The Postal Museum will reopen next month and will reveal five centuries of British social and communications history through the narrative of the postal service. Alongside permanent exhibition galleries and a temporary exhibition space, Mail Rail, London’s secret Post Office Underground Railway, will be opened to the public for the first time in its 100 year history, including a subterranean ride through some of the original tunnels.

The five-year partnership will see Royal Mail offer general financial support (a figure has not been disclosed) that will enable The Postal Museum to continue its programme of offering first-hand experiences of what it was like to transport mail underground.
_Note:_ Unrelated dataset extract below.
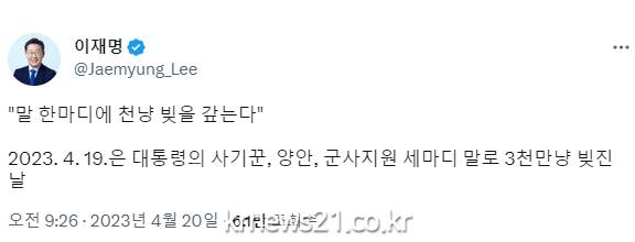 ▲ 사진=이재명 의원 트위터 캡처더불어민주당 이재명 대표가 윤석열 대통령의 4·19 혁명 기념식과 로이터통신 인터뷰 발언을 비판하며 “대통령의 사기꾼, 양안, 군사지원 세 마디에 3천만 냥 빚을 졌다”고 밝혔다.

Although the Postal Museum is an independent charity it closely linked with the Royal Mail Group, not only through its subject matter, but also as it manages the Royal Mail archive, for which it receives a separate annual payment from the Royal Mail.

The Postal Museum looks after more than 400 years of postal heritage, which includes the archive of Royal Mail Group and Post Office Ltd, which are Designated as being of outstanding national importance by the Arts Council, and are on the UNESCO memory of the World UK Register.

“We are delighted to be supporting Mail Rail at The Postal Museum, an exciting new exhibit and ride,” said Moya Greene, Royal Mail’s Chief Executive Officer, said:  “Over the past 500 years, the delivery of mail has changed beyond recognition, from a small group of King’s Messengers to a national network connecting people, companies and communities across the UK. During this time Royal Mail has been responsible for a number of world firsts. Transporting mail underground is definitely one of them. We are excited for people to experience this forgotten gem in mail delivery.”

The Royal Mail had the idea of transporting mail underground in the 1800s and launched a pneumatic system in 1863 that saw rail cars sucked or blown through a tunnel. The idea was revised in the early 20th century to improve the efficiency of mail delivery in London as the capital’s streets became increasingly congested and polluted. The expanded underground mail rail, which ran from Paddington District Sorting Office in the west to the Eastern District Sorting Office at Whitechapel, opened in late 1927 and used electrically powered driverless trains.

The Mail Rail will showcase this history and be a grand finale to the museum visit, which will begin by take visitors on a journey through five-centuries of curiosities, providing a different, previously unseen view on some of the world’s most significant historical events, and an insight into the quirky beginnings of the earliest social network.

Visitors will then descend into the old engineering depot of Mail Rail and board a miniature train designed to transport them through its narrow tunnels. The interactive train ride will pass through and stop at the original Mount Pleasant station platforms, where an audio visual display will take riders back in time, giving an insight into the heyday of the railway.

Adrian Steel, Director of The Postal Museum, said: “Mail Rail was an unprecedented engineering marvel in its time, and is testament to the innovation and dedication of Royal Mail throughout its 500 years to ever speed up communication. Royal Mail is a very fitting sponsor and we look forward to working together to bring this amazing piece of history to life and making Mail Rail at The Postal Museum a major, successful attraction.”

The £22m Postal Museum is supported by National Lottery players through the HLF, Royal Mail and Post Office Limited.